WHAT IS NEEDED
Please set down, with no changes, every line of the material below from the one containing "In the gym, the" through the end. Skip the pictures.

SOURCE DATA

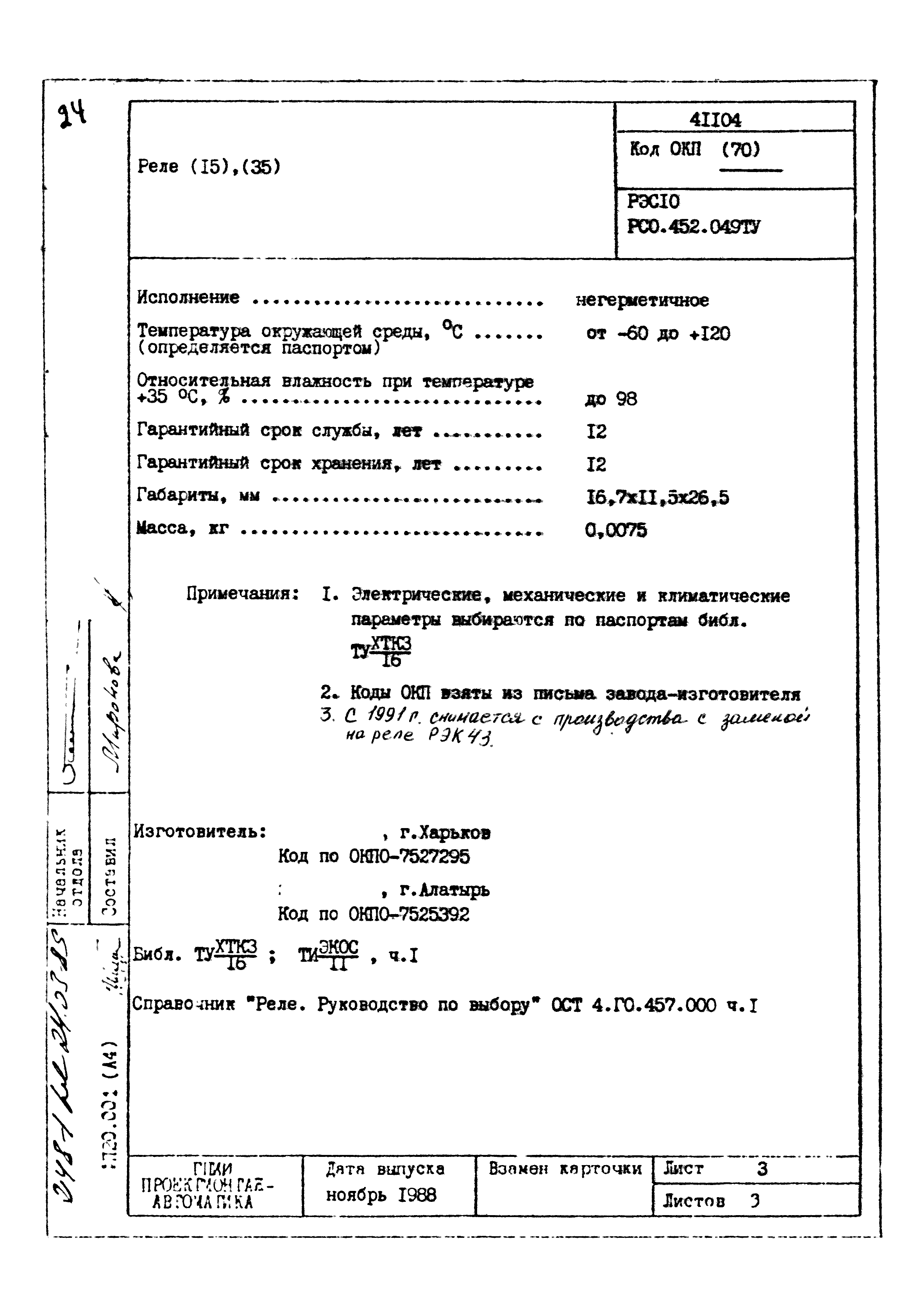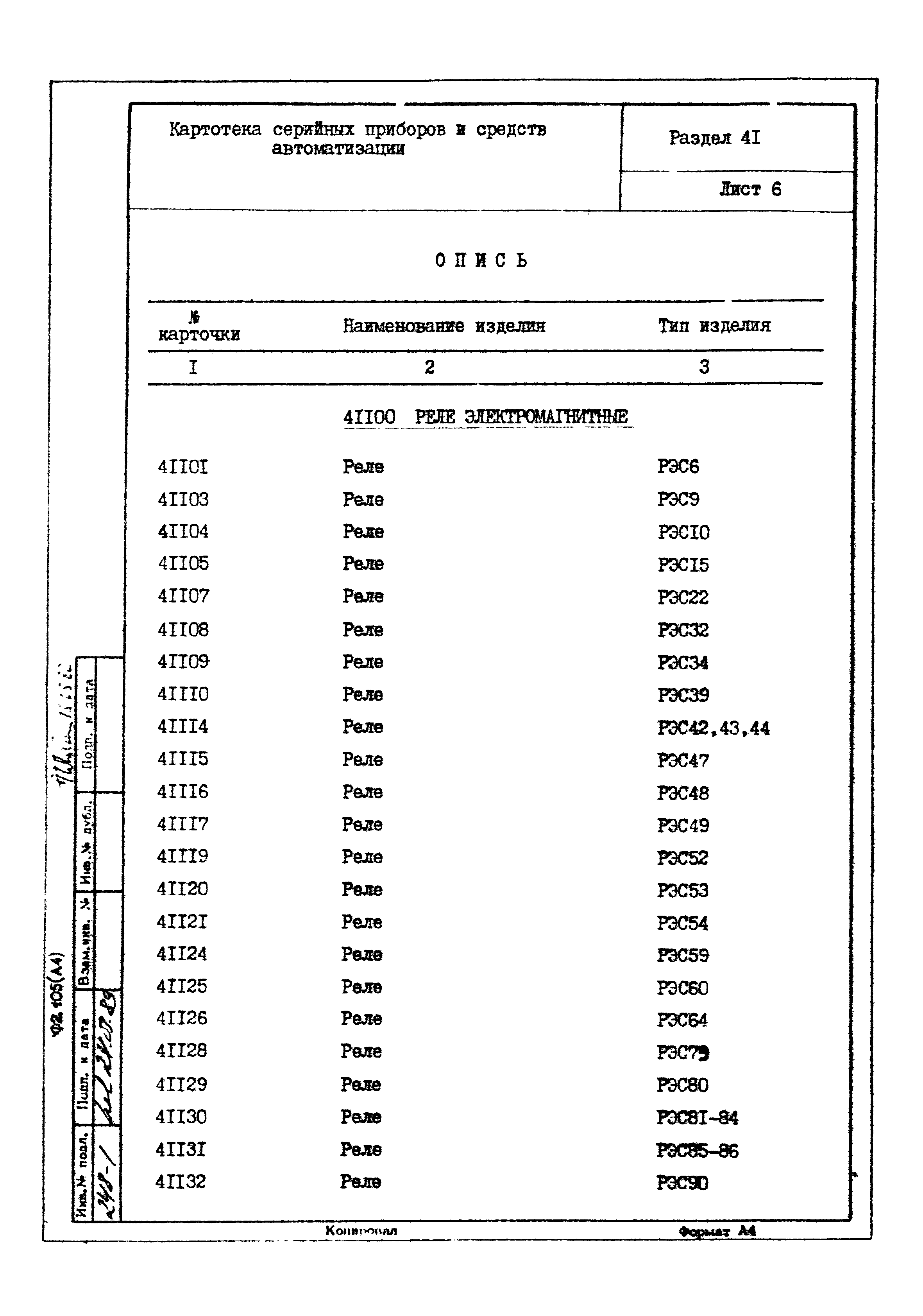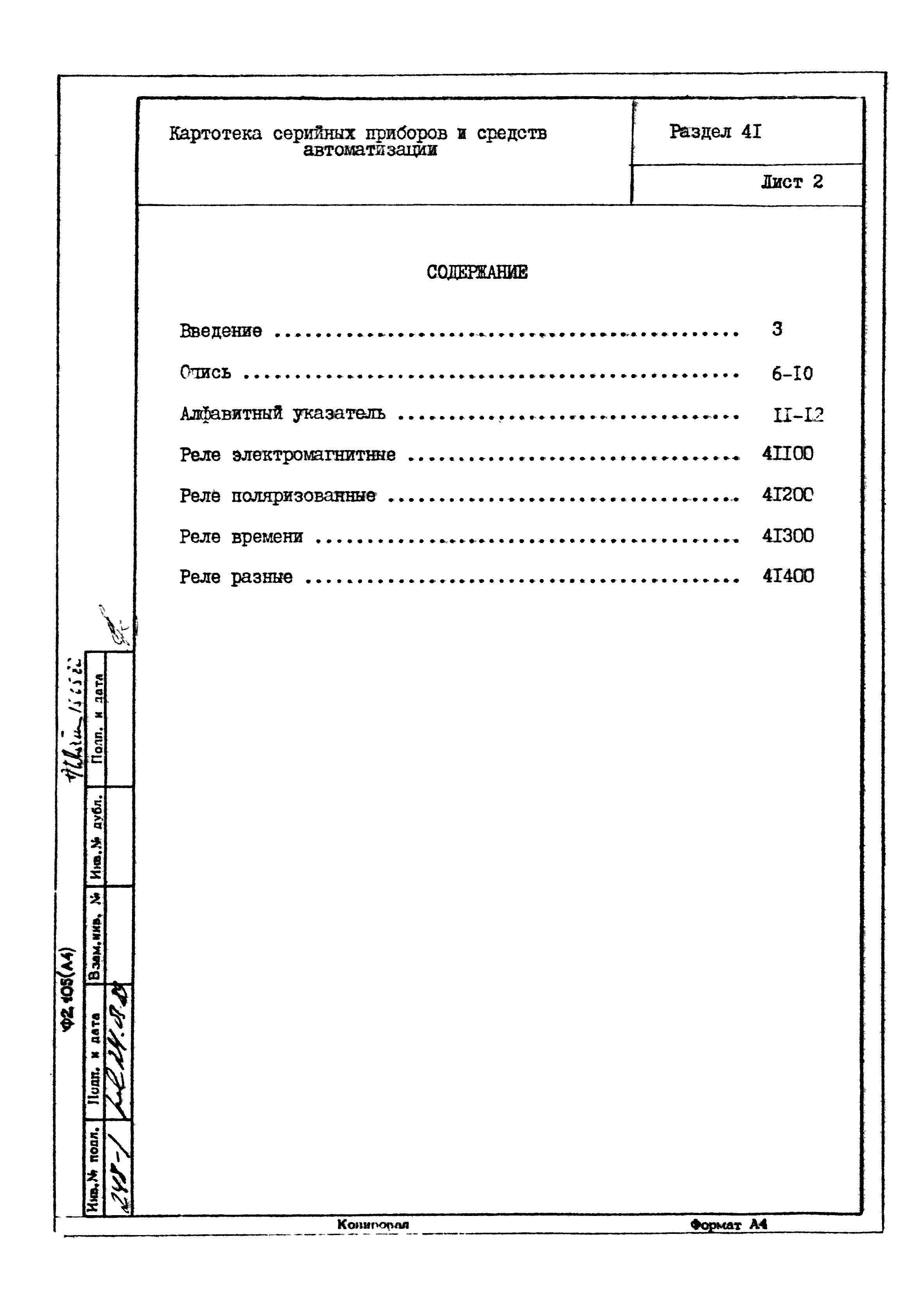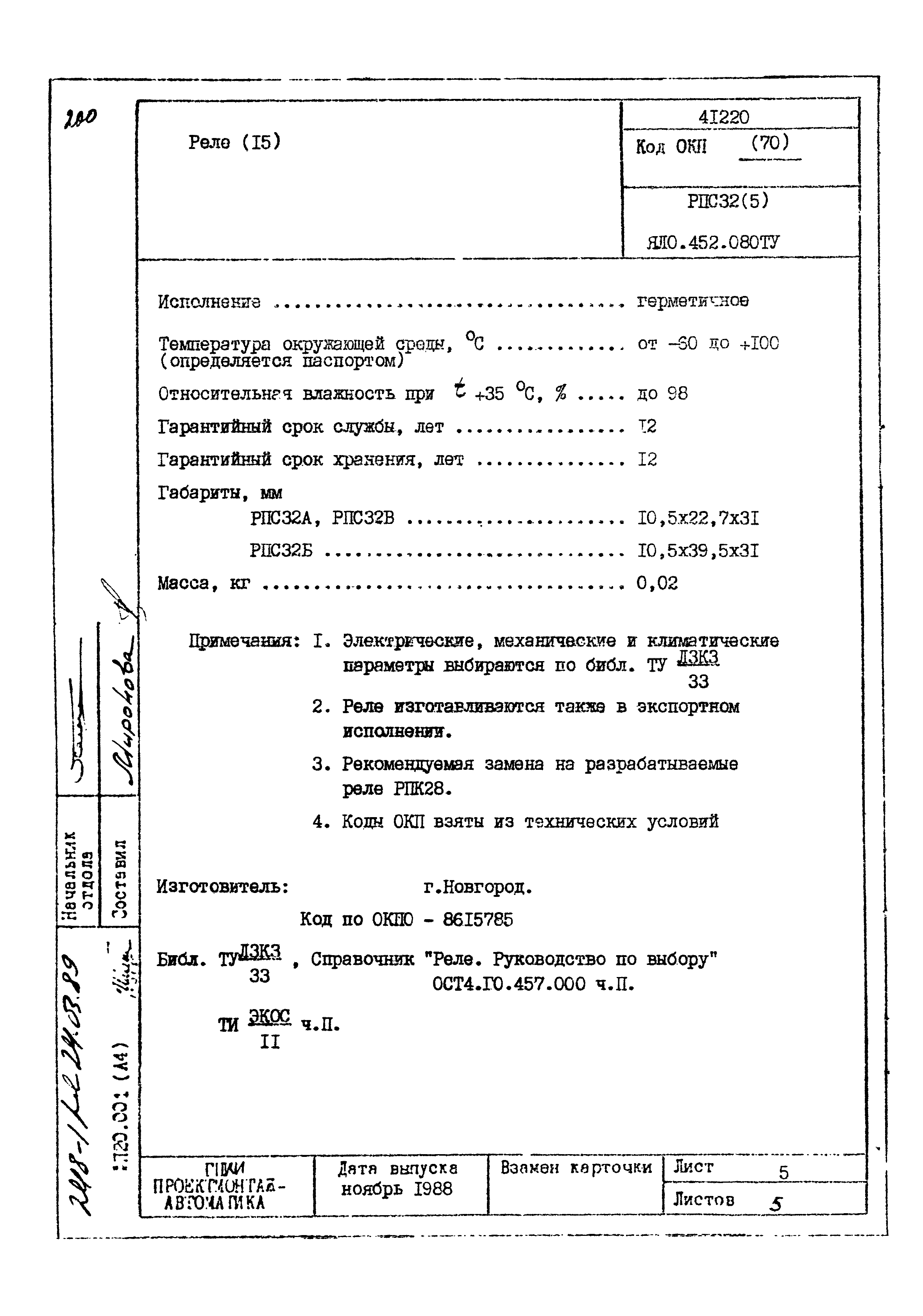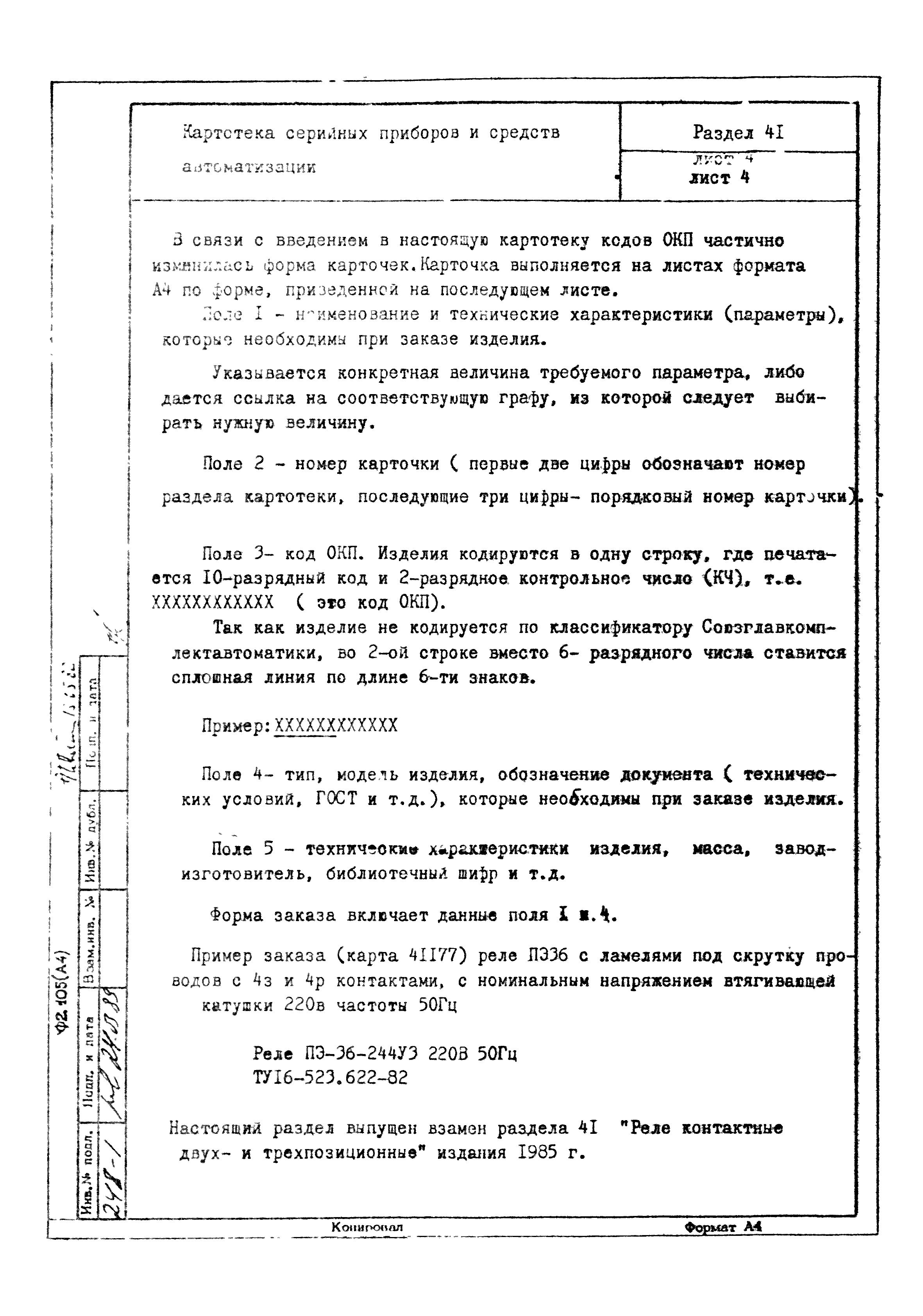 | Заменяет собой: | - «Картотека серийных приборов и средств автоматизации. Раздел 41. Реле контактные двух- и трехпозиционные» (1985 год)
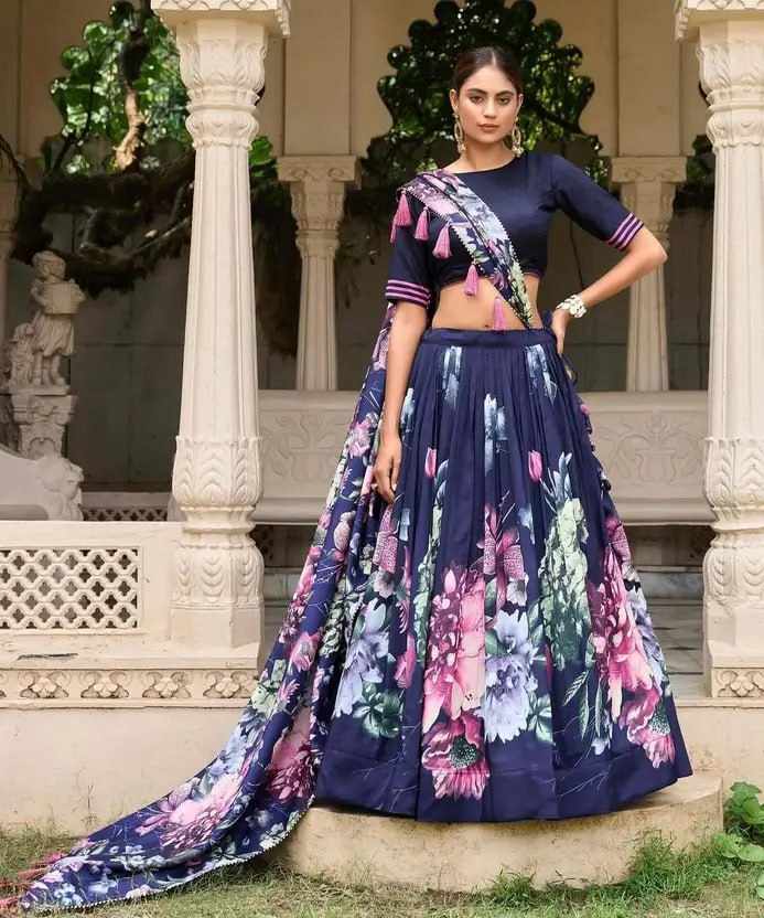 | Name : | PIYU 26-1 Silk Digital print Navy Blue Lehnga |
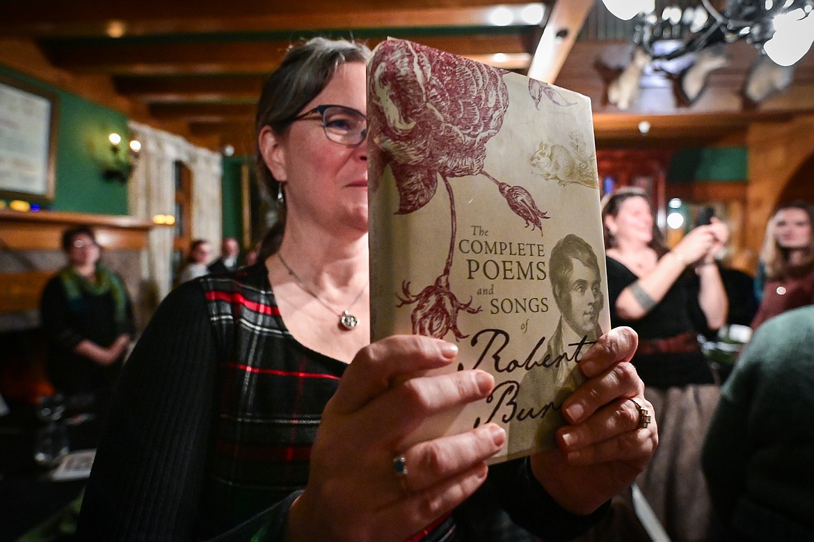 Shelley Eberhardy carries a "The Complete Poems and Songs of Robert Burns" during an opening welcome procession at the Burns Night Supper, honoring the life and poetry of Scottish poet Robert Burns, held by the Flathead Celtic Society at Conrad Mansion in Kalispell on Saturday, Jan. 24, 2026. (Casey Kreider/Daily Inter Lake)
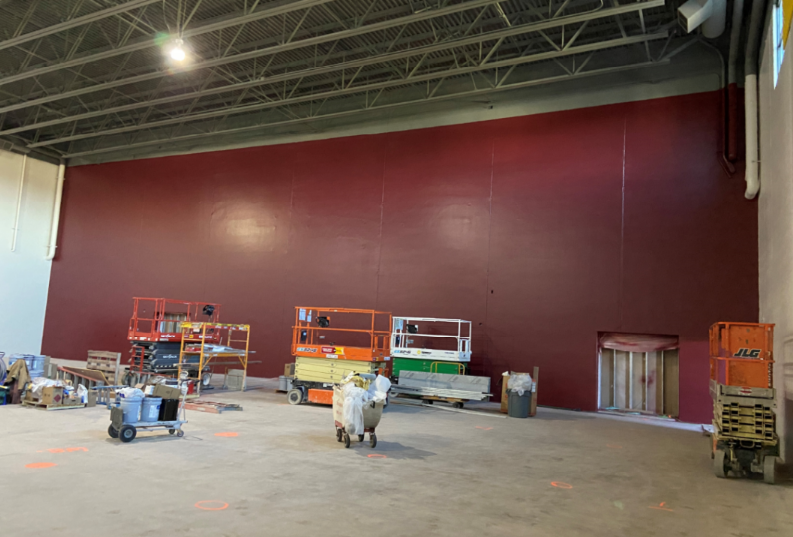 In the gym, the painting has been completed with the west gym wall receiving its final coat of Rib Lake Maroon and the gold acoustical panels starting on the north wall. Planning and coordination is ongoing as we prepare for gym equipment and gym floor installations.
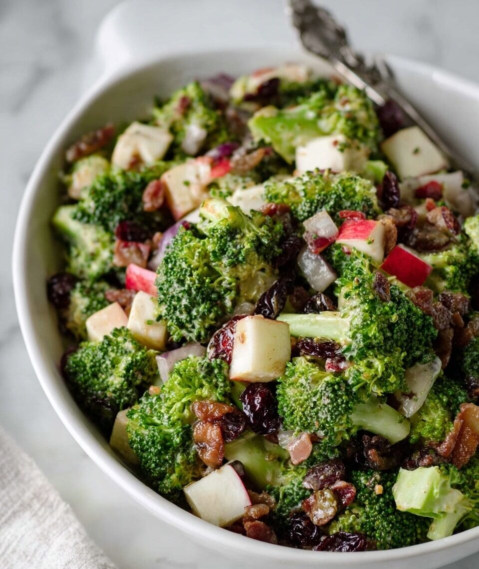A vibrant and flavorful Roasted Broccoli Salad combining tender roasted broccoli florets with sweet apples, crunchy bacon, nuts, cranberries, and a tangy honey-mustard dressing. Perfect as a refreshing side dish or light lunch.
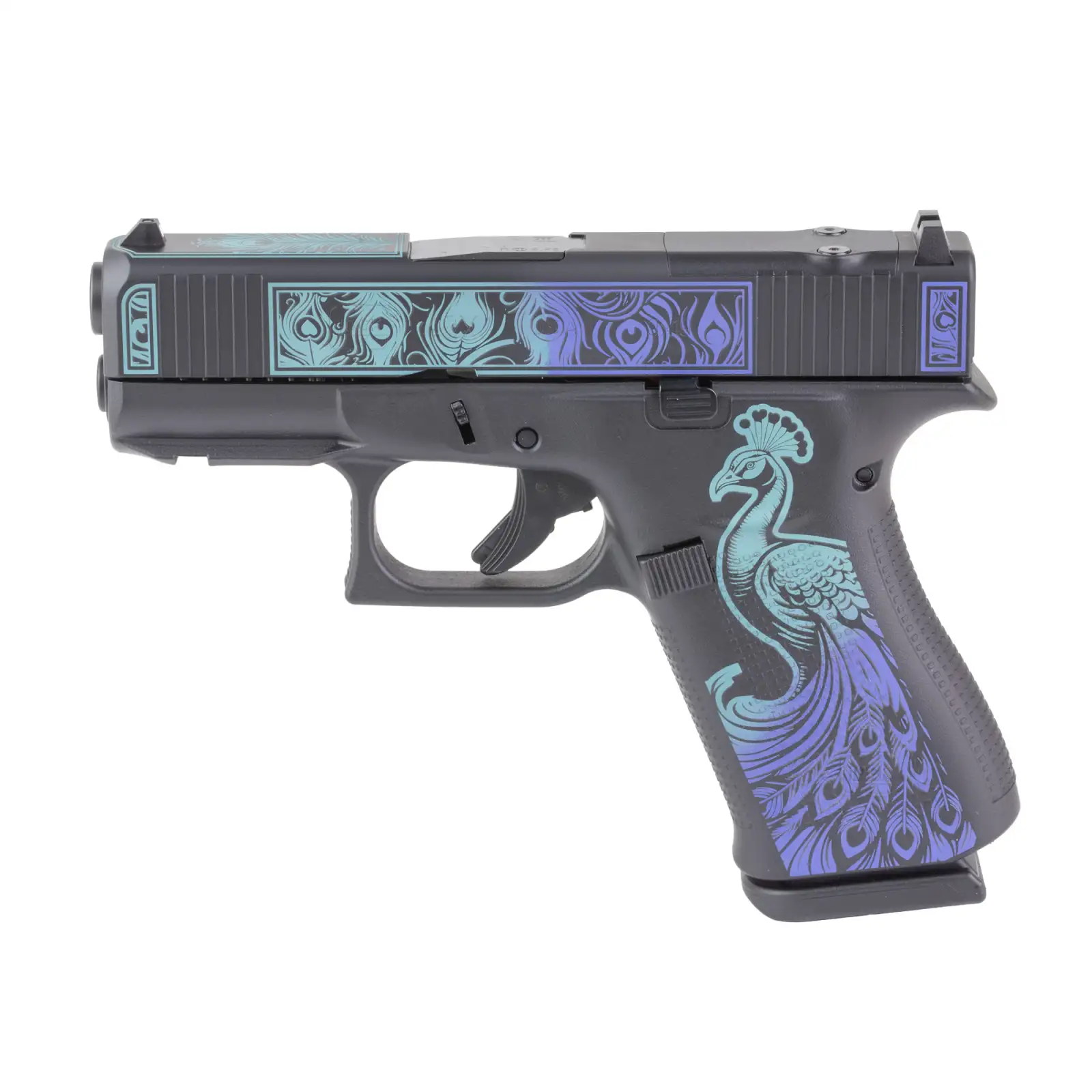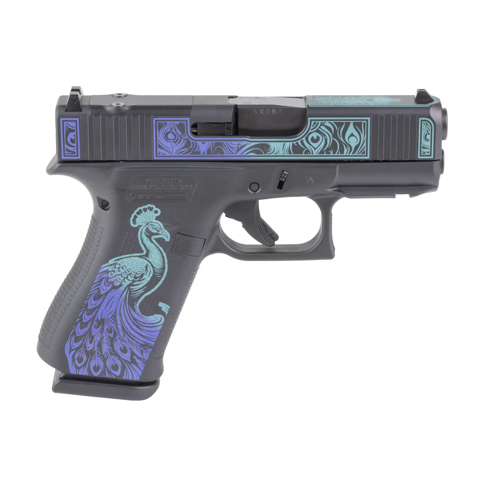 GLOCK 43X M.O.S., Semi-automatic, Striker Fired, Polymer Frame Pistol, Sub-Compact, 9MM, 3.41" Barrel, Custom Peacock Cerakote Finish by Shark Coast Tactical, Black, Blue and Teal, Fixed Sights, 10 Rounds, 2 Magazines UX4350204FRPEA-SCT

YOUR SOLUTION
 In the gym, the painting has been completed with the west gym wall receiving its final coat of Rib Lake Maroon and the gold acoustical panels starting on the north wall. Planning and coordination is ongoing as we prepare for gym equipment and gym floor installations.
A vibrant and flavorful Roasted Broccoli Salad combining tender roasted broccoli florets with sweet apples, crunchy bacon, nuts, cranberries, and a tangy honey-mustard dressing. Perfect as a refreshing side dish or light lunch.
 GLOCK 43X M.O.S., Semi-automatic, Striker Fired, Polymer Frame Pistol, Sub-Compact, 9MM, 3.41" Barrel, Custom Peacock Cerakote Finish by Shark Coast Tactical, Black, Blue and Teal, Fixed Sights, 10 Rounds, 2 Magazines UX4350204FRPEA-SCT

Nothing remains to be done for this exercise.